Why would they expect anything else?
There are many Finnish players who do their interviews in English so..
 

Yozhik v tumane

Registered User
Jan 2, 2019
1,858
1,962

"Your swedish is brilliant"

Why would they expect anything else?

It’s tiresome that journalists and others still fail to recognize and remember that some Finns have Swedish as their native tongue and that theirs are accents, not “broken Swedish”, and it has to be even more tiresome for Swedish speaking Finns having to repeat and explain the fact to surprised Swedes on an almost daily basis.

However, to be quite honest, I wasn’t aware Komarov spoke Swedish until I watched a video posted from the locker room celebrating the win in the first game, where Komarov wore the ore miner’s gear rewarded the man of the match (he had immediately honey badgered his way to everyone’s hearts with I think eight hits in the season premiere). He held a lovely little speech and suggested the team should celebrate with a few beers.

I think the man’s born in Estonia to Russian and Finnish parents, and it’s easy to miss that he grew up in a majority Swedish community.

For Finnish speaking Finns in general it seems they tend to be more comfortable speaking English no matter their proficiency in Swedish. Jarmo Myllys generally spoke English in interviews throughout his years in Sweden, however when Luleå retired his number he did give a short and simple speech in Swedish. Juhani Tyrväinen has recently made interviews in Swedish for the club’s media outlets, but for Cmore and to be understood as well as possible I think he prefers English, understandably.

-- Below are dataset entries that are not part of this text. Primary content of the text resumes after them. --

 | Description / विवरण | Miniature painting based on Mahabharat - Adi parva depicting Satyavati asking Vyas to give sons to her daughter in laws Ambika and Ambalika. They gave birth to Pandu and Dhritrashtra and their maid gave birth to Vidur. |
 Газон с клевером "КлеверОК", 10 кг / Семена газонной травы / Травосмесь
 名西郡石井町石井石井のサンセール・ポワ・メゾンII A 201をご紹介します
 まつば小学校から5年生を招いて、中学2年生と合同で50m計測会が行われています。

As an aside, growing up in Luleå, my family sometimes crossed the border to go shopping licorice and pierogies in Tornio or Kemi, and my parents would instruct me to preferably speak English to the personnel despite most of them knowing functional Swedish, since according to my parents many Finns resented Swedes or being forced to speak in their language. With the expansion of cross border retail and the ideology of “service mindedness”, you don’t as often sense the uncomfortable aversion from Finnish cashiers if speaking Swedish to them, but it’s still on the back of my mind if I cross the border, that I feel like a Swedish imperialist pig expecting Finns to speak my native tongue.

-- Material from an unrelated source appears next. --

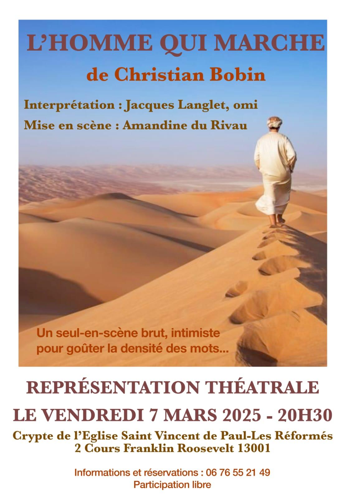 168571 07mar20h3022h00Représentation théâtrale "l'homme qui marche" de Christian Bobin Détails de l'événement Détails de l'événement Horaire7 mars 2025 20h30 - 22h00 Ajouter à mon calendrier

It’s also sad that I know zero Finnish: my grandparents on my mother’s side had it as a secret language if they didn’t want my mom and her siblings to understand what they were talking about, and they weren’t taught Finnish in school. When I was like 8 or 9 my mom said that she probably could have applied for me to receive home language education, which I think she regretted not thinking of earlier. At that point, I had absolutely no interest in any more school than I already was getting, and I also wonder how much good it would’ve made since no one knew Finnish at home, and few did or were comfortable speaking it in school. I got very little out of five years of French classes as well: you really have to apply yourself with learning another language and I wasn’t very studious or interested in learning until later.